Search code examples
pythonlist-comprehensionjupyter-labfor-in-loop

How come this List Comprehension does not produce the same results as this for/in loop?


Generating a List of random strings, then using a for/in loop and also a List Comprehension expresison to fund the longest string and the length of that string.

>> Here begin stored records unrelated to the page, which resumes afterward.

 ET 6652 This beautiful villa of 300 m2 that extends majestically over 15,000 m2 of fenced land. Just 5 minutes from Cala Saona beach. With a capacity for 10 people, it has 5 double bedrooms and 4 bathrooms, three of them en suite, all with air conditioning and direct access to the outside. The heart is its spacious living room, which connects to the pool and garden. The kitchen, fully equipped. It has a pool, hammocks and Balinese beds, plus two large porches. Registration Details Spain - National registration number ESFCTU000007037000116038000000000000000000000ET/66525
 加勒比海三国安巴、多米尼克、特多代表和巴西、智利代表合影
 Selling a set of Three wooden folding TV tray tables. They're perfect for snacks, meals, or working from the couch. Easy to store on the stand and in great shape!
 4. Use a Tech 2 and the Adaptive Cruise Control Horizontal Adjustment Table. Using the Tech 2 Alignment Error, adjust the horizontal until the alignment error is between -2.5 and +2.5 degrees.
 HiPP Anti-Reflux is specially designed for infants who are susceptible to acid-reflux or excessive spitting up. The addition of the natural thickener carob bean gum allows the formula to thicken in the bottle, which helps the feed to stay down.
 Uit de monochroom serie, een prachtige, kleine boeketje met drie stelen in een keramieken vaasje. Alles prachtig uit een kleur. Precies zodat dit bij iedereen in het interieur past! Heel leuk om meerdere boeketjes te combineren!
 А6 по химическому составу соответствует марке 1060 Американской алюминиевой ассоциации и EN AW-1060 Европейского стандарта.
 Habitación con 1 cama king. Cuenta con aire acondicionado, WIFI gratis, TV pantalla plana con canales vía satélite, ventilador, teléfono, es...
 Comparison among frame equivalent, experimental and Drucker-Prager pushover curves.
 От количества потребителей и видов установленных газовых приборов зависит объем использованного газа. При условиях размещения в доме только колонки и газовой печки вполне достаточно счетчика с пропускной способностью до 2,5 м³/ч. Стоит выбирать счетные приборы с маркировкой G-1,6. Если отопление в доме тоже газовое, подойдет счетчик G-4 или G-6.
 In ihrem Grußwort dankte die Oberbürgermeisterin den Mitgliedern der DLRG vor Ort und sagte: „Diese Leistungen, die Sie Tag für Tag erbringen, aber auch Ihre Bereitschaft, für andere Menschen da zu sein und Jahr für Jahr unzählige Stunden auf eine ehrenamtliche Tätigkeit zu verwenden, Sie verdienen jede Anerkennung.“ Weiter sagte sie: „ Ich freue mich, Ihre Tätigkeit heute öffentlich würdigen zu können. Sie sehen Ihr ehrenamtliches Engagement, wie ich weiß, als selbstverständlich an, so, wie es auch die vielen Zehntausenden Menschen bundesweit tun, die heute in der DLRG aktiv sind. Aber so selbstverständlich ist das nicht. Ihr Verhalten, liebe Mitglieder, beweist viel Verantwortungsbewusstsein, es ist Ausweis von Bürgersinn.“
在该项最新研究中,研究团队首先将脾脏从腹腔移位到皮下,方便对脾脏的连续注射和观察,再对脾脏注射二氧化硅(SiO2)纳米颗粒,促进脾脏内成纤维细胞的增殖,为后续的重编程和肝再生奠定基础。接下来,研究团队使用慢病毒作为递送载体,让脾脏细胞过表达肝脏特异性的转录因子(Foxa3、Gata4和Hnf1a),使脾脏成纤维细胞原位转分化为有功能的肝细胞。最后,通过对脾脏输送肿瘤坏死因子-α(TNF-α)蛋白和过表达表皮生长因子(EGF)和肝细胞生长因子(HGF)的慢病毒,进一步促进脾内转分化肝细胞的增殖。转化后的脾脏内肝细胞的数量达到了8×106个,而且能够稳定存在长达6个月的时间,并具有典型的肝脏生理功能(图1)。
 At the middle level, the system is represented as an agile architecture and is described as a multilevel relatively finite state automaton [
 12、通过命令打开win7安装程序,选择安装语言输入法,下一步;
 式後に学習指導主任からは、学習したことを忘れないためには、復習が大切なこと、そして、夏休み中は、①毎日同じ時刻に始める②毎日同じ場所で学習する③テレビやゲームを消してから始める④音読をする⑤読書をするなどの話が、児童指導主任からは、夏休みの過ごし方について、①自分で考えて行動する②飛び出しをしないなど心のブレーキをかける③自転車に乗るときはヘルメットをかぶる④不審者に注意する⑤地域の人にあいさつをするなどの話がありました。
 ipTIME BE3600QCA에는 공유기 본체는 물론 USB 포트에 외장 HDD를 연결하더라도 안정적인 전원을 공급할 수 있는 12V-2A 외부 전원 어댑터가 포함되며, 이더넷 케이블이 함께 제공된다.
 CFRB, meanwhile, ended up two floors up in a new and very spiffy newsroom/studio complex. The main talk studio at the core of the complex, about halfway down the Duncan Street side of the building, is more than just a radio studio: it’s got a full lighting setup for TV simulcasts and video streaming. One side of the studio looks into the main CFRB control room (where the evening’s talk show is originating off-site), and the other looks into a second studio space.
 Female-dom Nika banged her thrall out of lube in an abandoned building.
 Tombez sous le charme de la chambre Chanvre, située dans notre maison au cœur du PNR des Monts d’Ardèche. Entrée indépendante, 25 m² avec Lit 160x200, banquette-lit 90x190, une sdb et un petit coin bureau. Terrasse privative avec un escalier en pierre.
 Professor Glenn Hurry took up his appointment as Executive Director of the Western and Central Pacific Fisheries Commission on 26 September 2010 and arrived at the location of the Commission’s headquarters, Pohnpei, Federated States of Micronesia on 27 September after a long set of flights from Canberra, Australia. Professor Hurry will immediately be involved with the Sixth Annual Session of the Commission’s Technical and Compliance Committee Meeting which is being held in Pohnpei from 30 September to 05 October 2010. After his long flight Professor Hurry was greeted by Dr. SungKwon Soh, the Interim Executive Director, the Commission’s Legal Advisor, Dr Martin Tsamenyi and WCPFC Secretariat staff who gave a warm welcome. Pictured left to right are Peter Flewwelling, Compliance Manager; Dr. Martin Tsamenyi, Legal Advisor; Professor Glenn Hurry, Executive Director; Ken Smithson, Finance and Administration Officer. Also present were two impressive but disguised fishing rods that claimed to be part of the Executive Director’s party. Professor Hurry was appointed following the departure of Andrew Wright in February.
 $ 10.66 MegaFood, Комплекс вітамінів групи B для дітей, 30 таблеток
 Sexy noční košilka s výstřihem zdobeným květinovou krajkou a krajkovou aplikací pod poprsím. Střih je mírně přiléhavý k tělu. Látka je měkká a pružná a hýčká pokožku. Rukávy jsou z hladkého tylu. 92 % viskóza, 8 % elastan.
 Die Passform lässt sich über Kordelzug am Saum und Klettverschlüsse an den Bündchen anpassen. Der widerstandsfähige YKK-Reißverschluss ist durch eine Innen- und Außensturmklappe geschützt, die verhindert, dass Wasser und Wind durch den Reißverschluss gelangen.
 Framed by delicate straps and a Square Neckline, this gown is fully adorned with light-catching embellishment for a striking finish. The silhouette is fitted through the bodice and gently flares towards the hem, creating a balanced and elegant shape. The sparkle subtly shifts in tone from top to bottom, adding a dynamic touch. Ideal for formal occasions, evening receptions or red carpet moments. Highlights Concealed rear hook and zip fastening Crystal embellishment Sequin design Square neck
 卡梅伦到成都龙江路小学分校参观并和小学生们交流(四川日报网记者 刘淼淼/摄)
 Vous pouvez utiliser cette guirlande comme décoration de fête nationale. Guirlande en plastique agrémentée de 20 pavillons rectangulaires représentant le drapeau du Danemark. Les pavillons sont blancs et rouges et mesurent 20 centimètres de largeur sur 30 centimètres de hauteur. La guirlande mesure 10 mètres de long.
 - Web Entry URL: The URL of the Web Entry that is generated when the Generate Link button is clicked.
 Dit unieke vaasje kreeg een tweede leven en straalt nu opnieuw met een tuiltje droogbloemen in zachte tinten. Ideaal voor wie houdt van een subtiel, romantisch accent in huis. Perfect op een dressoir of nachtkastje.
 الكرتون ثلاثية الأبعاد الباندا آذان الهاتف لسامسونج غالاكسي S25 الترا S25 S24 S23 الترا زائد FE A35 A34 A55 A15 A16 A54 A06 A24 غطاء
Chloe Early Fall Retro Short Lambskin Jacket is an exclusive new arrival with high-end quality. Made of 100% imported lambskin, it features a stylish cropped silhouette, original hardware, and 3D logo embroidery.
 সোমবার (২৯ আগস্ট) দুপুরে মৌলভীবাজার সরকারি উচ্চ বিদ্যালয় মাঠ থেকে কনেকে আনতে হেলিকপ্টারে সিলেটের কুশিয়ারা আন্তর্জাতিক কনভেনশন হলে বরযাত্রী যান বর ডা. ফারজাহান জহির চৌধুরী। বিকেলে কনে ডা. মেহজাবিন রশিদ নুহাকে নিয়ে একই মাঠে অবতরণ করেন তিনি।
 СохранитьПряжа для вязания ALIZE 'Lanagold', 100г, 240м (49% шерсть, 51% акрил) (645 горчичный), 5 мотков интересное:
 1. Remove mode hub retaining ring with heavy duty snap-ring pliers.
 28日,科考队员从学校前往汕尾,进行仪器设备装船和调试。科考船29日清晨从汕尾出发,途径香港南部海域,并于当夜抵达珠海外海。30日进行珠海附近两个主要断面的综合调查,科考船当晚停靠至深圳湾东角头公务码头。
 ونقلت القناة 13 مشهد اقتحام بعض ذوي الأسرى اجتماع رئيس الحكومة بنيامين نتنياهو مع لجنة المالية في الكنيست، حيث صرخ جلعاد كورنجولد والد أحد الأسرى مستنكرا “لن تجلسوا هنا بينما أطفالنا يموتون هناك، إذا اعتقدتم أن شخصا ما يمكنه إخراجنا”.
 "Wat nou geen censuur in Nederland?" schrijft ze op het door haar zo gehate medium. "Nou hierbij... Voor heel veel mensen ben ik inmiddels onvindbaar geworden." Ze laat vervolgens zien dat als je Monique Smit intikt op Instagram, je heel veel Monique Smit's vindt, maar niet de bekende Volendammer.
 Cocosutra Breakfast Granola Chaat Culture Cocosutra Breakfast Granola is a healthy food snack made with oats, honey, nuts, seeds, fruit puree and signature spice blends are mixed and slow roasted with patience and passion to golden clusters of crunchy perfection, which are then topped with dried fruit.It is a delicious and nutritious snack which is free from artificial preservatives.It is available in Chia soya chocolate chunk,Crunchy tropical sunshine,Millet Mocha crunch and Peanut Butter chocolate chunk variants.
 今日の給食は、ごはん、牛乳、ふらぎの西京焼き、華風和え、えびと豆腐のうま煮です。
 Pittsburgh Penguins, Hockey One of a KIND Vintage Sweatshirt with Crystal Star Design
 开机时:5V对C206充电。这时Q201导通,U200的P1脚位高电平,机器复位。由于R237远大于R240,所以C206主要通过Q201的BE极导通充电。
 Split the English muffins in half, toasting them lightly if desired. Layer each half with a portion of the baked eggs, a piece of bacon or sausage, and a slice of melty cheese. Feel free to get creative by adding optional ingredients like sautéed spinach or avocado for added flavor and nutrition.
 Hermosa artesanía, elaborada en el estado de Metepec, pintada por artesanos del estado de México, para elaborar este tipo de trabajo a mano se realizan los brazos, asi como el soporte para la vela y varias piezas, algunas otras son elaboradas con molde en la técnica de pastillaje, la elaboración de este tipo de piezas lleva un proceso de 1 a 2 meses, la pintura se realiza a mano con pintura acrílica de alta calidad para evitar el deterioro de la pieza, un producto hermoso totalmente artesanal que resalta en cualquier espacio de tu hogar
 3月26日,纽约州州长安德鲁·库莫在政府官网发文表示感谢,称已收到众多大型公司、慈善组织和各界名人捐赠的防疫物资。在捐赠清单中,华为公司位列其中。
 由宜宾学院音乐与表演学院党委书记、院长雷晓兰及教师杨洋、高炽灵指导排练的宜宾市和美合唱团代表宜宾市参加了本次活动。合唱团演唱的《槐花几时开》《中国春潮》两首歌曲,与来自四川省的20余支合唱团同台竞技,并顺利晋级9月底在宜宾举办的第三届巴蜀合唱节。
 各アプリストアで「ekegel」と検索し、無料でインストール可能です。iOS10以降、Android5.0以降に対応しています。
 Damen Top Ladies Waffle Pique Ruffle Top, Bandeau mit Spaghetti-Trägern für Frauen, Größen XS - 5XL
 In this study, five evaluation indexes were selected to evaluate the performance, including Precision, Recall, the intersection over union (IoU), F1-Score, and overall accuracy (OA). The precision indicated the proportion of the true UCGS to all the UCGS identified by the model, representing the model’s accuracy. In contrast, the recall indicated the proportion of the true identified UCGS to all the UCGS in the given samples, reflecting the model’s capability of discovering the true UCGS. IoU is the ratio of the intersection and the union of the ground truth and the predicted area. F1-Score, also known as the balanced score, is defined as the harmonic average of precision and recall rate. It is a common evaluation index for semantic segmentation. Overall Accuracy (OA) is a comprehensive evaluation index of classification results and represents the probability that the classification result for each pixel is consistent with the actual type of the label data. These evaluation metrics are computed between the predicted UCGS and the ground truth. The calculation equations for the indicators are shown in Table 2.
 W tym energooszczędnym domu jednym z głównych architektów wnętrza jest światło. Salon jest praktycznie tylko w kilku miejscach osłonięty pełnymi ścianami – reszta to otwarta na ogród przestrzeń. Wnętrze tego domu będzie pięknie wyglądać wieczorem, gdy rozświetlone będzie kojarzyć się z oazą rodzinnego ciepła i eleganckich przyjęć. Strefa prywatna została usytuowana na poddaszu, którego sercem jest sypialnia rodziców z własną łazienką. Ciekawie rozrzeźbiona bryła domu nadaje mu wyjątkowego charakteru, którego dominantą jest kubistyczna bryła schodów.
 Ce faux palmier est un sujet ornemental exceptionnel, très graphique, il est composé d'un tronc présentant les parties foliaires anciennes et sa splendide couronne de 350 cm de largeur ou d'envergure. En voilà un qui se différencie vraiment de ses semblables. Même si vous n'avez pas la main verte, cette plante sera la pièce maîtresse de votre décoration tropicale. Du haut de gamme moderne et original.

Both techniques compute the max length correctly, but sometimes the for/in loop finds the same longest word as the List Comprehension, sometimes not. Why? What's the logic error?

import random
import string
def cobble_large_dataset(dataset_number_of_elements):
    '''
    Build a list of Lists, each List is a String of a random sequence of 1-10 characters
    '''
    myList = []         # Empty List   
    for i in range(0,dataset_number_of_elements):
        string_length = random.randint(1, 10)
        tmp = ''.join(random.choices(string.ascii_uppercase + string.digits, k=string_length))  # https://stackoverflow.com/questions/2257441/random-string-generation-with-upper-case-letters-and-digits
        tmp = [tmp]
        #print(tmp)
        myList.extend([tmp])
    return myList    

def list_comprehension_test(wordsList):
    '''
    Process a List of Lists using List Comprehension. 
    Each List in the List of Lists is a single String
    '''
    start_time = time.time()
   
    maximumWordLength, longest_word = max([(len(x[0]), x[0]) for x in wordsList]) # This works because x is a List of strings
    return ((time.time() - start_time), longest_word, maximumWordLength)

def brute_force_test(wordsList):
    '''
    Process a List of Lists using a brute-force for/in loop. 
    Each List in the List of Lists is a single String    
    '''
    start_time = time.time()
    maximumWordLength = 0
    for word in wordsList:
        tmp = word[0]
        #print(tmp)
        if (len(tmp) >= maximumWordLength):
            maximumWordLength = len(tmp)
            longest_word = tmp
            #print(tmp)
            #print(longest_word + " : " + str(maximumWordLength))
    return ((time.time() - start_time), longest_word, maximumWordLength)

import time
start_time = time.time()
dataset = cobble_large_dataset(100)
print (str(len(dataset)) + ' Strings generated in ' + str((time.time() - start_time)) + ' seconds.')

# Let's see if both techniques produce the same results:
result_brute_force = brute_force_test(dataset)
print('Results from Brute Force = ' + result_brute_force[1] + ', ' + str(result_brute_force[2]) + ' characters' )
result_list_comprehension = list_comprehension_test(dataset)
print('Results from List Comprehension = ' + result_list_comprehension[1] + ', ' + str(result_list_comprehension[2]) + ' characters' )
if (result_list_comprehension[1] == result_brute_force[1]):
    print("Techniques produced the same results.")
else:
    print("Techniques DID NOT PRODUCE the same results

Solution

  • In your list comprehension case, you want to tell max to just operate on the first item in each of the pairs of values in the list. This is the equivalent of what the for-loop case is doing, since it only considers the length of each string. So you want:

    maximumWordLength, longest_word = max(
        [(len(x[0]), x[0]) for x in wordsList],
        key = lambda x: x[0])  # This works because x is a List of strings
    

    As others have already pointed out, you also want to change the >= comparison in the brute-force case to >. If you make these two changes, you will get the same result from your two methods.